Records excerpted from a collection
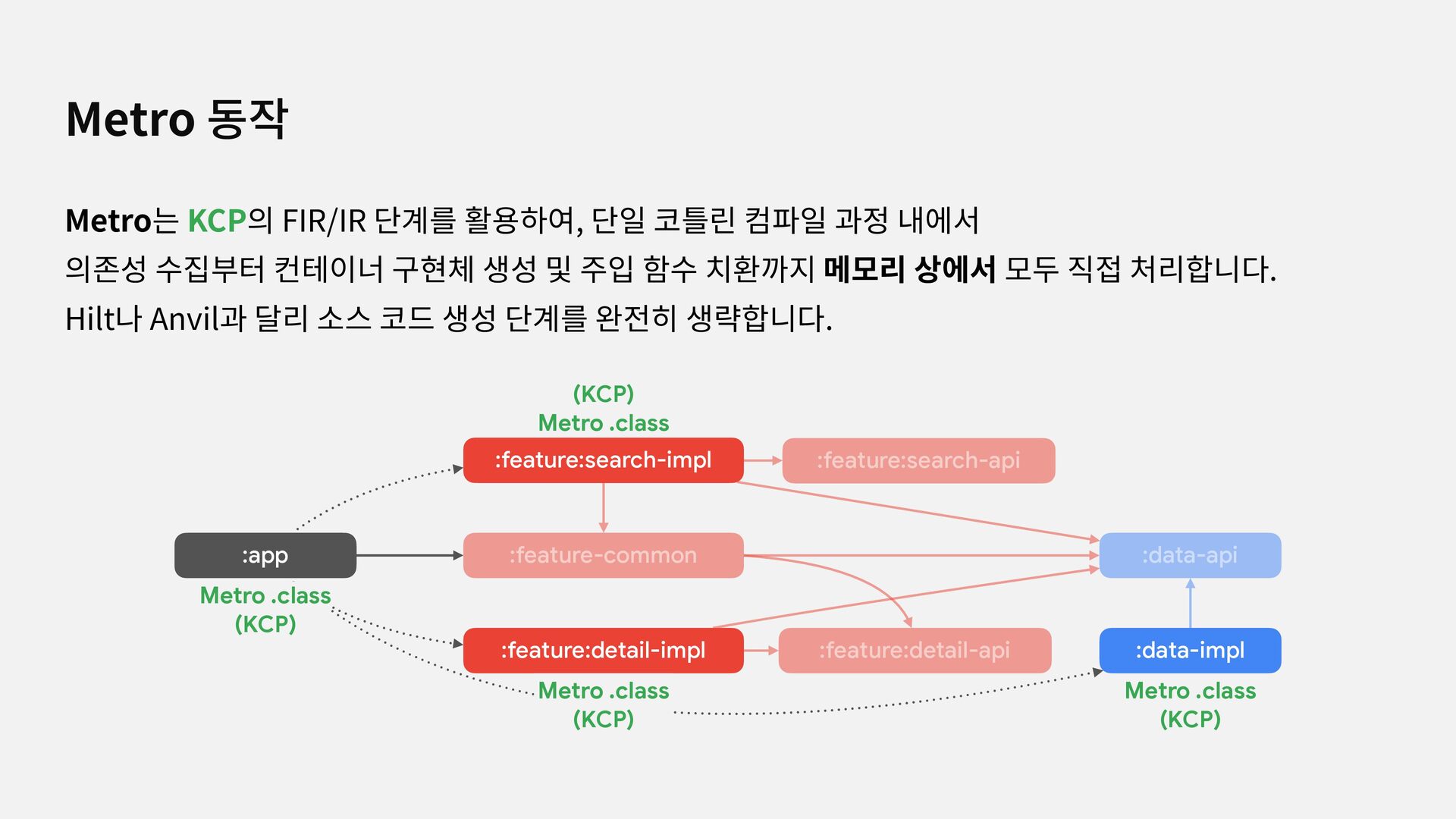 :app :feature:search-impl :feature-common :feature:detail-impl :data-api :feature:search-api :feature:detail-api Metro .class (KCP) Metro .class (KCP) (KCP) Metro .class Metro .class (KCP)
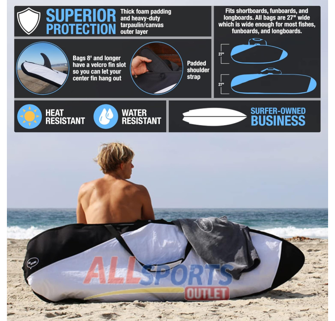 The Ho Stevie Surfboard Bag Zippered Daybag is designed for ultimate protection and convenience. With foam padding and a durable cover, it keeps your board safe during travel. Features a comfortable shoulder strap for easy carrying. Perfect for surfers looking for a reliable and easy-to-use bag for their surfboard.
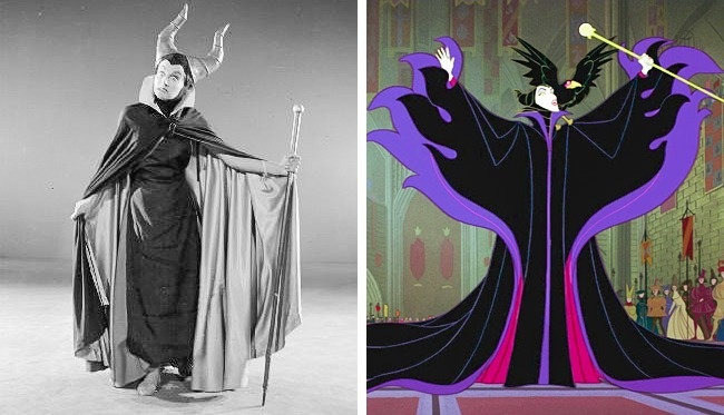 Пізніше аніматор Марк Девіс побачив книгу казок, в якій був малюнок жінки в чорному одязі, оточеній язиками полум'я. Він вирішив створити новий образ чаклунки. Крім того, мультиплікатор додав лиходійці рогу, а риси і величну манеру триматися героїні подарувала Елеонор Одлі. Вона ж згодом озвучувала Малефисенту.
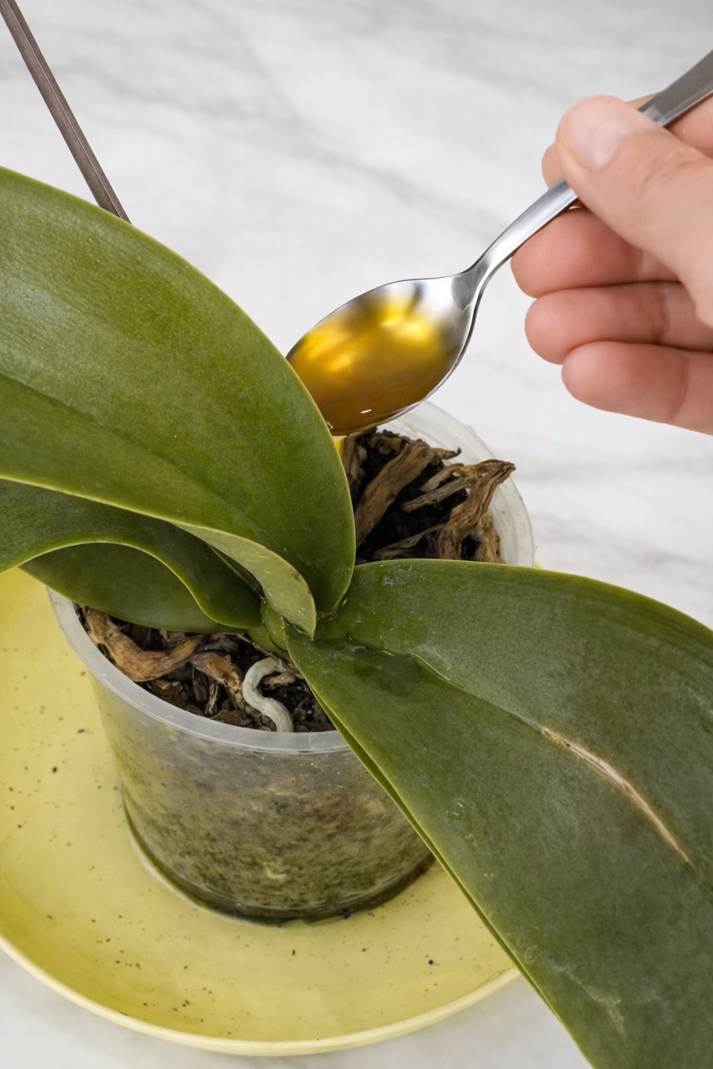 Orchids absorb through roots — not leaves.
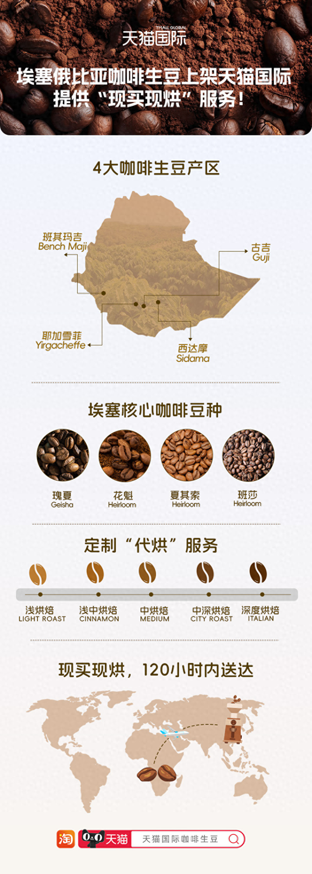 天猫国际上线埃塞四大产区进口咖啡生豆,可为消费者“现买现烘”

-- TASK --
What's needed is an exact copy of every entry, free of pictures.

-- EXERCISE ANSWER --
 :app :feature:search-impl :feature-common :feature:detail-impl :data-api :feature:search-api :feature:detail-api Metro .class (KCP) Metro .class (KCP) (KCP) Metro .class Metro .class (KCP)
 The Ho Stevie Surfboard Bag Zippered Daybag is designed for ultimate protection and convenience. With foam padding and a durable cover, it keeps your board safe during travel. Features a comfortable shoulder strap for easy carrying. Perfect for surfers looking for a reliable and easy-to-use bag for their surfboard.
 Пізніше аніматор Марк Девіс побачив книгу казок, в якій був малюнок жінки в чорному одязі, оточеній язиками полум'я. Він вирішив створити новий образ чаклунки. Крім того, мультиплікатор додав лиходійці рогу, а риси і величну манеру триматися героїні подарувала Елеонор Одлі. Вона ж згодом озвучувала Малефисенту.
 Orchids absorb through roots — not leaves.
 天猫国际上线埃塞四大产区进口咖啡生豆,可为消费者“现买现烘”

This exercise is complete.